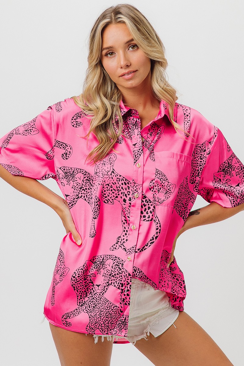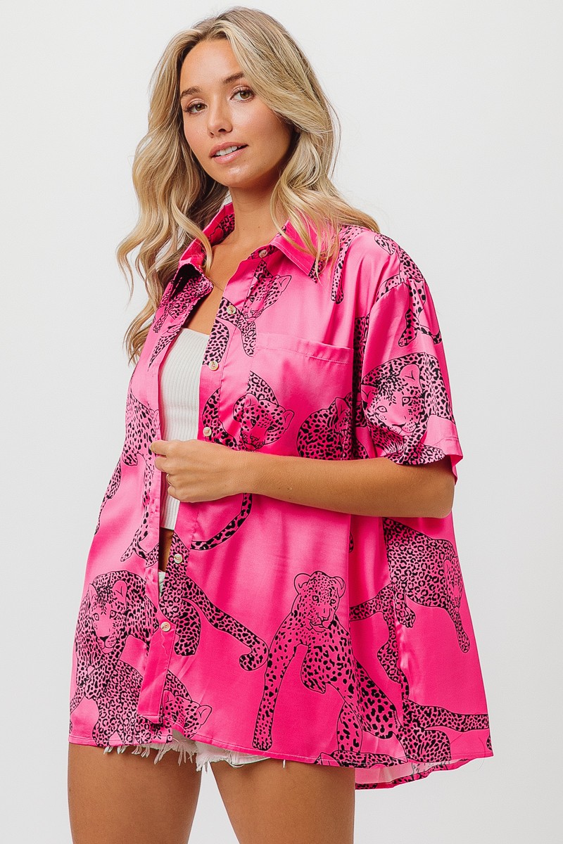 This silky satin shirt top features a bold and stylish leopard print design for a chic and trendy look. The short sleeves add a casual and breezy feel to the top. Perfect for adding a touch of sophistication and glamour to your outfit, this top can be dressed up with tailored pants or dressed down with jeans for a versatile and fashion-forward ensemble.
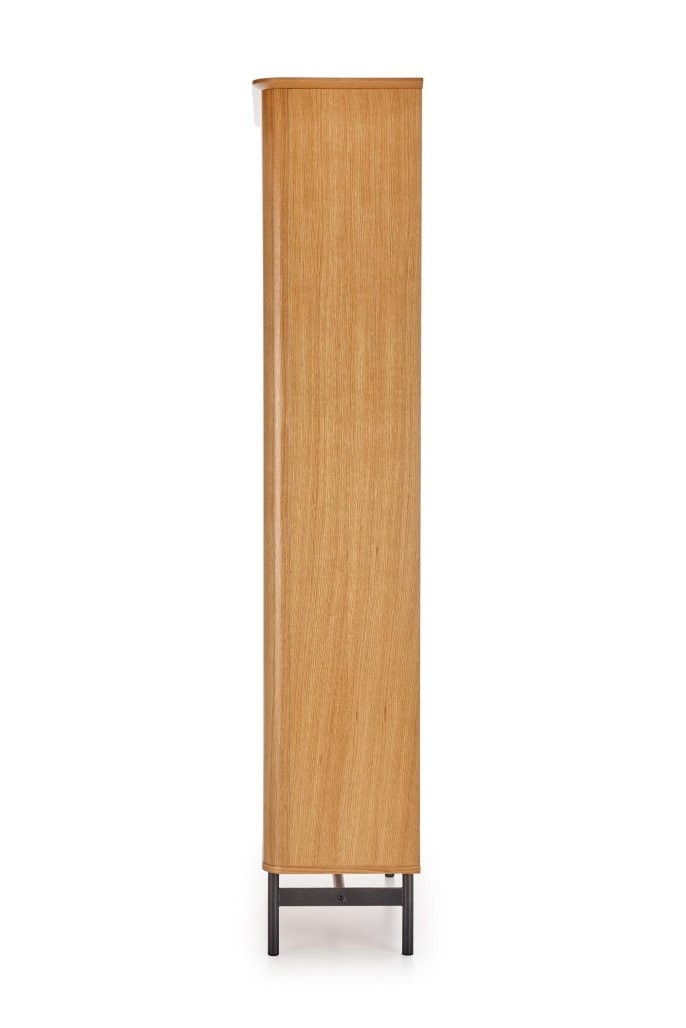 Poličnik Lanvek je idealen za sodobne interjerje. Njegova kombinacija naravne hrastove teksture in črnega okvirja prinaša toplino ter industrijski videz, zaradi česar je funkcionalen in estetski dodatek v vsak prostor.
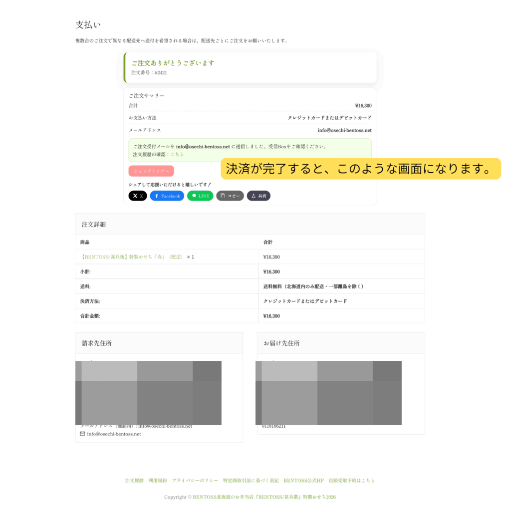 - 決済完了のメッセージが表示されます。
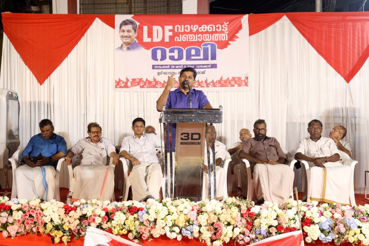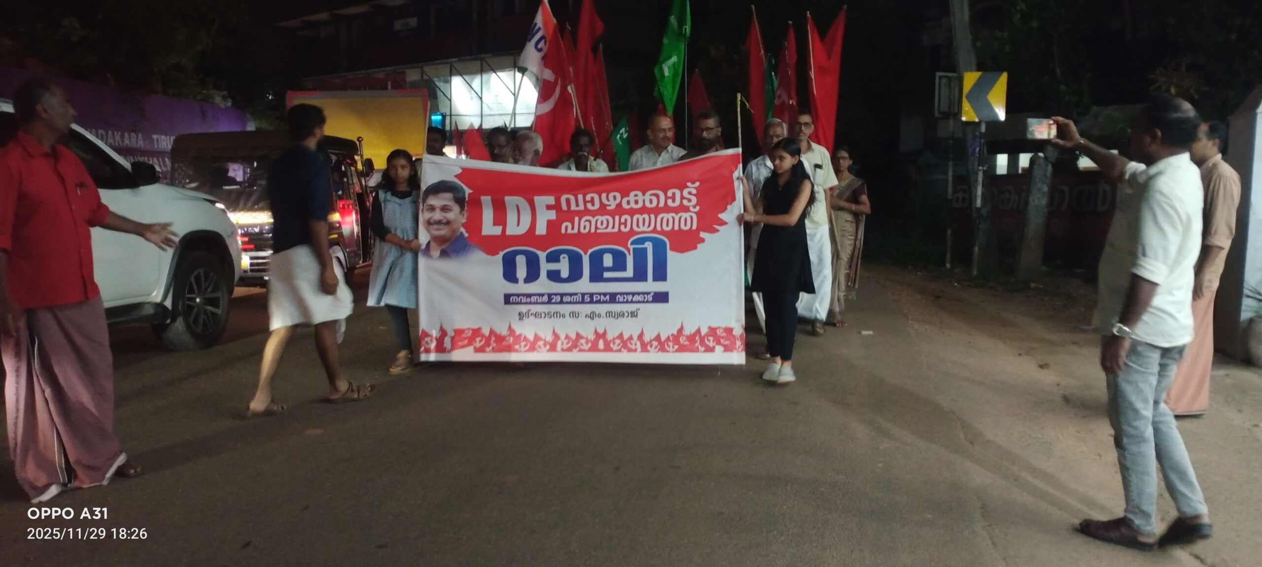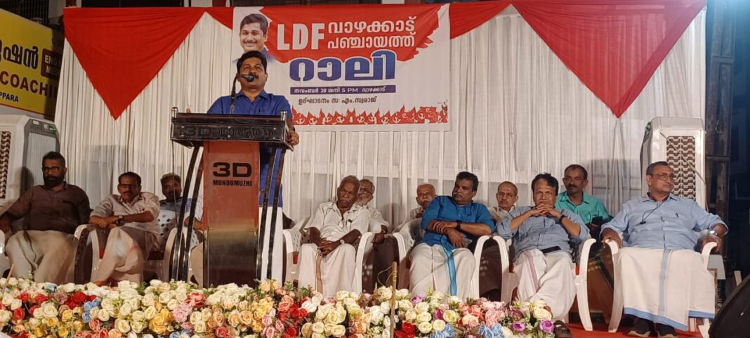 വാഴക്കാട് : ത്രിതല പഞ്ചായത്ത് തിരഞ്ഞെടുപ്പിൻ്റെ ഭാഗമായി എൽഡിഎഫ് വാഴക്കാട് പഞ്ചായത്ത് കമ്മറ്റിയുടെ നേതൃത്വത്തിൽ തിരഞ്ഞെടുപ്പ് റാലി സി പി ഐ എം സംസ്ഥാന സെക്രട്ടറിയേറ്റ് അംഗം എം സ്വരാജ് ഉൽഘാടനം ചെയ്തു. പൊതുസമ്മേളനം വി രാജഗോപാലൻ മാസ്റ്റർ സ്വാഗതം പറഞ്ഞു.
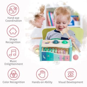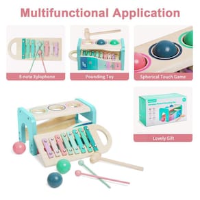 - 🎈 Brinquedos musicais multifuncionais: este xilofone infantil pode ser tocado de várias maneiras. As crianças podem bater na bola para fazê-la cair e fazer sons diferentes. Ou podem pegar o teclado e o xilofone e tocar um solo
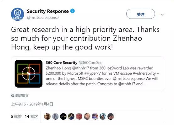 360冰刃实验室研究员洪祯皓发现了一个Hyper-V的漏洞,由于漏洞危险级别高,影响范围广,微软在确认漏洞细节后第一时间确认奖金并致谢漏洞发现者。
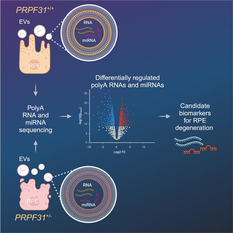 Inherited retinal degenerations (IRD) are important causes of vision loss due to progressive dysfunction of photoreceptor and retinal pigment epithelial (RPE) cells of the retina. Pathogenic variants in the PRPF31 gene are among the most common causes of dominant IRD. In a recent study, published in Molecular Therapy: Methods & Clinical Development, researchers in the Ocular Genomics Institute (OGI) at Mass Eye and Ear demonstrated that extracellular vesicles (EVs) released from PRPF31 mutant RPE cells carry RNA cargo that mirrors the molecular state of their originating cells. Their findings show that the RNA profiles of the EVs from the mutant cells capture disease-induced changes in RPE differentiation and function, highlighting their potential as circulating biomarkers for RP. This research paves the way for the development of non-invasive diagnostic tools that could transform disease monitoring and therapeutic assessment.
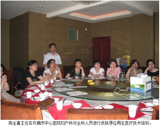 2012年5月17日,中国中西医结合学会烧伤专业委员会委员,北京美宝烧伤创疡研究所临床技术推广部主任陈全喜和河南办事处总裁赵俊国、区域经理葛艳妍应邀,来到了许昌市中心医院妇产科,受到妇产科主任龚军、陈书霞的热情接待。陈全喜主任再次来到该院进行更深入的皮肤原位再生医疗技术及其在临床应用培训。

# [AIM OF THE EXERCISE]
When you transcribe the entries above, begin at their first line, end with the line containing "360冰刃实验室研究员洪祯皓", and copy each line exactly without any picture.

# [OUTPUT FOR THIS TASK]
 This silky satin shirt top features a bold and stylish leopard print design for a chic and trendy look. The short sleeves add a casual and breezy feel to the top. Perfect for adding a touch of sophistication and glamour to your outfit, this top can be dressed up with tailored pants or dressed down with jeans for a versatile and fashion-forward ensemble.
 Poličnik Lanvek je idealen za sodobne interjerje. Njegova kombinacija naravne hrastove teksture in črnega okvirja prinaša toplino ter industrijski videz, zaradi česar je funkcionalen in estetski dodatek v vsak prostor.
 - 決済完了のメッセージが表示されます。
 വാഴക്കാട് : ത്രിതല പഞ്ചായത്ത് തിരഞ്ഞെടുപ്പിൻ്റെ ഭാഗമായി എൽഡിഎഫ് വാഴക്കാട് പഞ്ചായത്ത് കമ്മറ്റിയുടെ നേതൃത്വത്തിൽ തിരഞ്ഞെടുപ്പ് റാലി സി പി ഐ എം സംസ്ഥാന സെക്രട്ടറിയേറ്റ് അംഗം എം സ്വരാജ് ഉൽഘാടനം ചെയ്തു. പൊതുസമ്മേളനം വി രാജഗോപാലൻ മാസ്റ്റർ സ്വാഗതം പറഞ്ഞു.
 - 🎈 Brinquedos musicais multifuncionais: este xilofone infantil pode ser tocado de várias maneiras. As crianças podem bater na bola para fazê-la cair e fazer sons diferentes. Ou podem pegar o teclado e o xilofone e tocar um solo
 360冰刃实验室研究员洪祯皓发现了一个Hyper-V的漏洞,由于漏洞危险级别高,影响范围广,微软在确认漏洞细节后第一时间确认奖金并致谢漏洞发现者。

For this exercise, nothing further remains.